__PROBLEM DESCRIPTION__.
Restate exactly the lines that run from the start of the records below to the line containing "Niewielki dom jednorodzinny", counting both ends, and nothing else; pictures stay out.

__INFORMATION PROVIDED__.
┌──
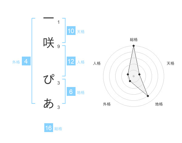 一咲 ぴあさんを姓名の画数から五運を鑑定
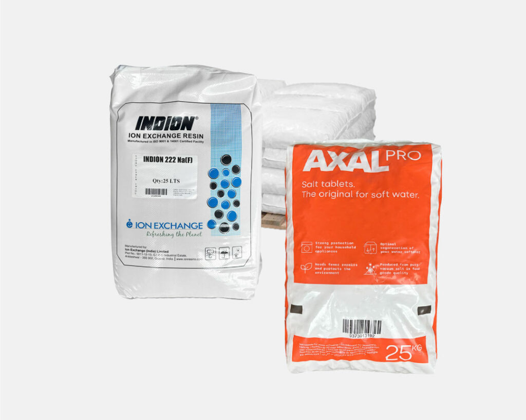 Sels en pastilles pour adoucisseur d’eau et résine disponibles en palettes.
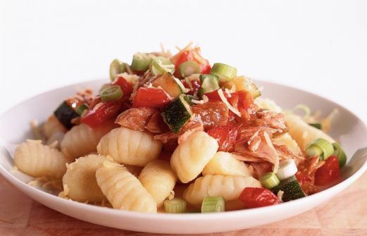 Ingrediënten 1 pak Gnocchi di patate (Italiaanse aardappelpureespecialiteit 500 g) 1 rode paprika 2 eetlepels olijfolie 1 blikje tonijn in olie (185 g) 2 blikken ratatouille niçoise (à 400 g) 3 bosuitjes 1 zakje gemalen belegen kaas (150 g) zet [...]
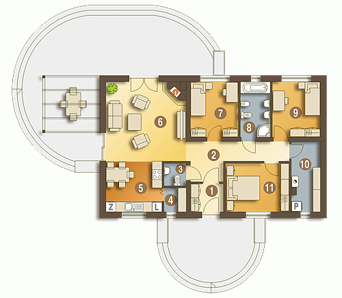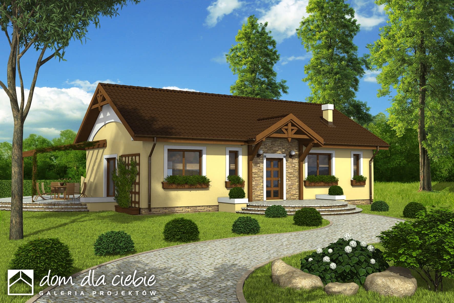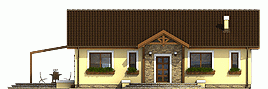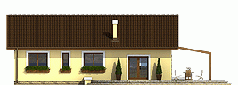 Niewielki dom jednorodzinny parterowy. Zaprojektowany z myślą o 4 osobowej rodzinie. Nieskomplikowana bryła, pozwoli na znaczne obniżenie kosztów budowy (prostokątny obrys domu oraz dach dwuspadowy). Posiada wyraźny podział na strefę dzienną, w skład której wchodzi kuchnia ze spiżarnią, jadalnia, pokój dzienny i wc, oraz nocną do której zaliczają się trzy pokoje, łazienka i pomieszczenie gospodarcze. Polecamy!
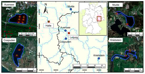 Location of the lake sites in Central Germany and sampling points (red dots) for water column measurements (satellite imagery: Sentinel 2A - RGB – 432 (17/04/2019); coordinate system of the map: ETRS89/UTM zone 33N).
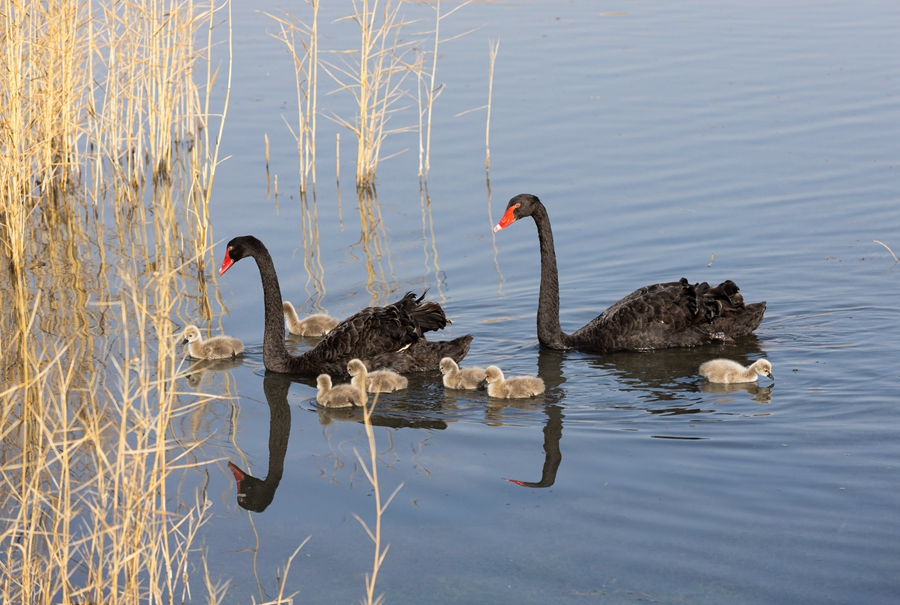 Photo shows a pair of black swans with their seven cygnets in Zhangye National Wetland Park, Zhangye city, northwest China’s Gansu Province. (Photo/Liu Fujun)
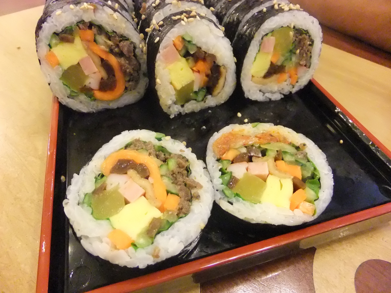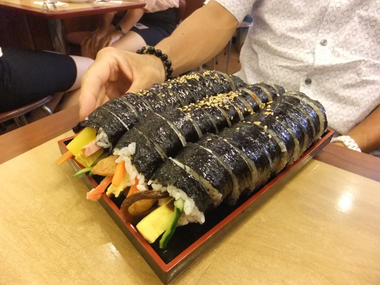 キンパ2本を3人で注文すると、メニュー裏の日本語注意書きで「ひとり1品は注文してください」みたいな事を言われました(韓国語で)
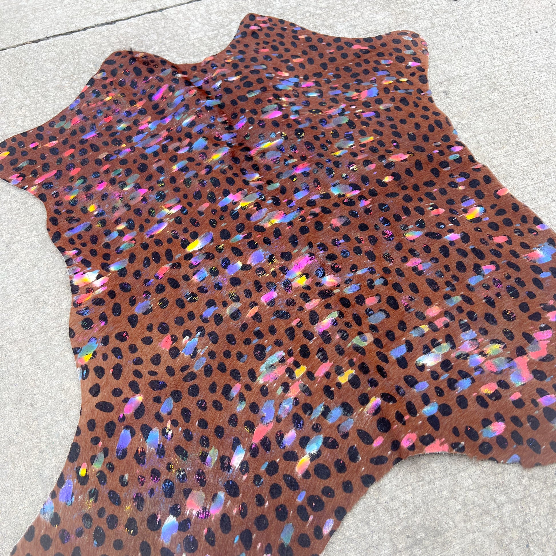 Wild Rainbow Leopard Cowhide Rug – Small Genuine Western Hide (Approx. 2' x 3')
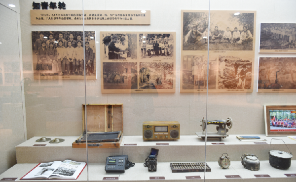 “憶往昔/崢嶸歲月”展廳。主要以廣西農(nóng)墾發(fā)展歷程為主線,展示了廣西農(nóng)墾自1951創(chuàng)建至2015年期間,在種植橡膠、安置歸僑及庫區(qū)移民、社會事業(yè)、體制改革和產(chǎn)業(yè)發(fā)展等方面的崢嶸歷史以及取得的輝煌成就。在新中國成立之初,為了打破美帝國主義對我國的經(jīng)濟(jì)封鎖和禁運(yùn),解決橡膠的生產(chǎn)供應(yīng)問題,黨中央做出“在華南地區(qū)建立天然橡膠生產(chǎn)基地”的重大決策,1951年10月,廣西在省農(nóng)林廳設(shè)立墾殖處,專管廣西的植膠工作,廣西農(nóng)墾由此走上歷史舞臺。這一篇章的“農(nóng)墾大家庭”講述了軍墾、知青、歸僑、移民在農(nóng)墾屯墾戍邊、種植橡膠、發(fā)展生產(chǎn)等艱苦創(chuàng)業(yè)故事?!爱a(chǎn)業(yè)奠基”部分講述了20世紀(jì)60年代,廣西農(nóng)墾除橡膠主業(yè)外,開展多種經(jīng)營,建立了一批豬場、糖廠、水果加工廠等工業(yè)項(xiàng)目,進(jìn)入了農(nóng)墾發(fā)展工業(yè)的初創(chuàng)階段,建立了廣西第一個機(jī)械農(nóng)場、第一個奶牛場、第一家淀粉廠等,還生產(chǎn)出了廣西第一瓶走進(jìn)人民大會堂的礦泉水——“茶花山”礦泉水?!绑w制創(chuàng)新”部分則講述了十一屆三中全會后,廣西農(nóng)墾通過全面推行農(nóng)工商綜合經(jīng)營,興辦職工家庭農(nóng)場等形式,改變了當(dāng)時農(nóng)場單一經(jīng)營農(nóng)業(yè)格局和企業(yè)統(tǒng)收統(tǒng)支的財(cái)務(wù)管理體制,并將墾區(qū)的優(yōu)勢產(chǎn)業(yè)資源進(jìn)行整合,相繼組建了糖業(yè)、畜牧、劍麻等六大產(chǎn)業(yè)集團(tuán),興辦了一批產(chǎn)業(yè)園區(qū),積極向集團(tuán)化、公司化轉(zhuǎn)變,為廣西農(nóng)墾集團(tuán)打造現(xiàn)代一流食品企業(yè)奠定了堅(jiān)實(shí)基礎(chǔ)。“社會擔(dān)當(dāng)”部分,講述廣西農(nóng)墾承擔(dān)的教育、醫(yī)療衛(wèi)生、人民武裝等社會職能,在保障和改善民生方面做了大量的工作的同時,積極發(fā)揮安邊固疆穩(wěn)定器的作用,在1979年對越自衛(wèi)還擊戰(zhàn)中,邊境農(nóng)場有上萬名民兵支前參戰(zhàn),有21個單位和181人立功獲獎;隨著中央關(guān)于剝離企業(yè)社會職能工作的不斷推進(jìn),除了廣西職業(yè)技術(shù)學(xué)院這所公辦高校被保留至今,其他社會職能都已先后從農(nóng)墾剝離出去。
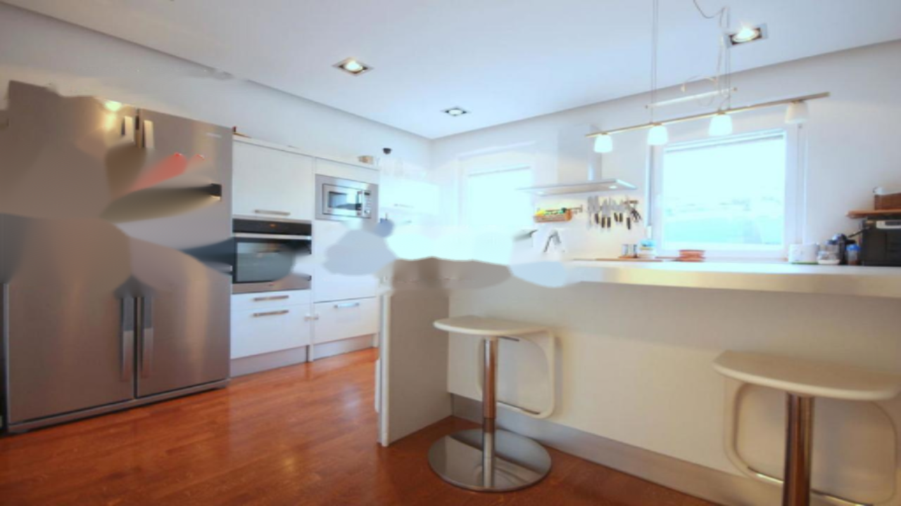 На первом этаже расположены: вход, просторная кухня, кладовая и большая гостиная с камином, из которой можно выйти на солнечную террасу около 40 м² с барбекю-зоной. Здесь также находится одна из двух ванных комнат.
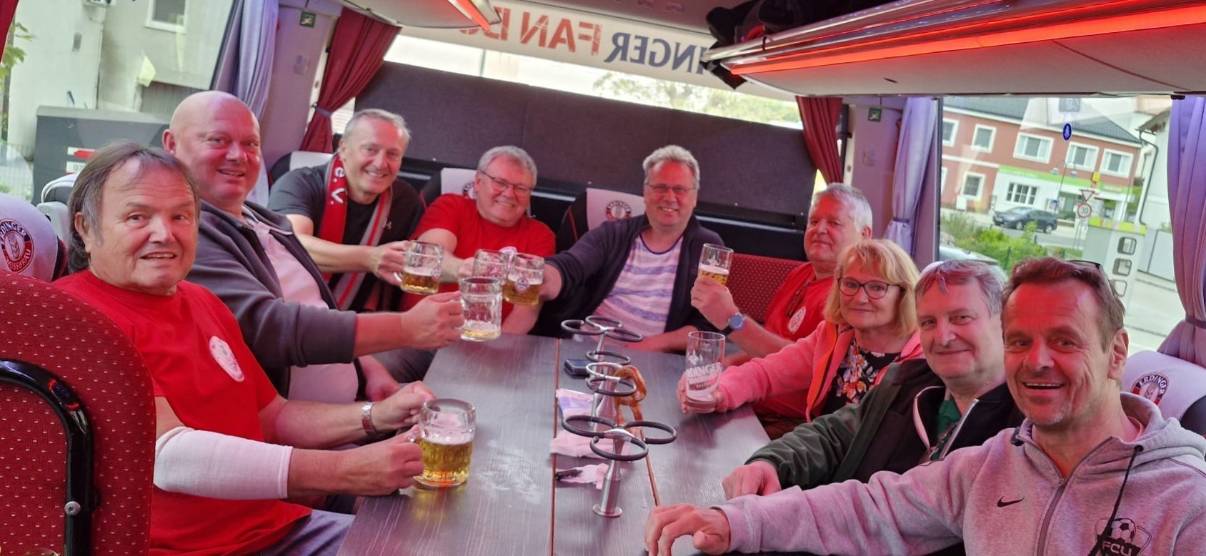 Foto - Sitzecke im Bus zeigt von links nach rechts : Fanclubpräsident Franz Sammer, Manfred Knapp, Altbürgermeister Zeillern Jimmy Perger, Altbürgermeister Zeilarn Werner Lechl, Bürgermeister Zeillern Fritz Pallinger, Fanclubvizepräsident Sepp Werkstetter, Patenbraut Rosemarie Kiemayer, Adalbert Kammerhofer und Walter Enengl Zeillern.
└──
__ANSWER AREA__.
 一咲 ぴあさんを姓名の画数から五運を鑑定
 Sels en pastilles pour adoucisseur d’eau et résine disponibles en palettes.
 Ingrediënten 1 pak Gnocchi di patate (Italiaanse aardappelpureespecialiteit 500 g) 1 rode paprika 2 eetlepels olijfolie 1 blikje tonijn in olie (185 g) 2 blikken ratatouille niçoise (à 400 g) 3 bosuitjes 1 zakje gemalen belegen kaas (150 g) zet [...]
 Niewielki dom jednorodzinny parterowy. Zaprojektowany z myślą o 4 osobowej rodzinie. Nieskomplikowana bryła, pozwoli na znaczne obniżenie kosztów budowy (prostokątny obrys domu oraz dach dwuspadowy). Posiada wyraźny podział na strefę dzienną, w skład której wchodzi kuchnia ze spiżarnią, jadalnia, pokój dzienny i wc, oraz nocną do której zaliczają się trzy pokoje, łazienka i pomieszczenie gospodarcze. Polecamy!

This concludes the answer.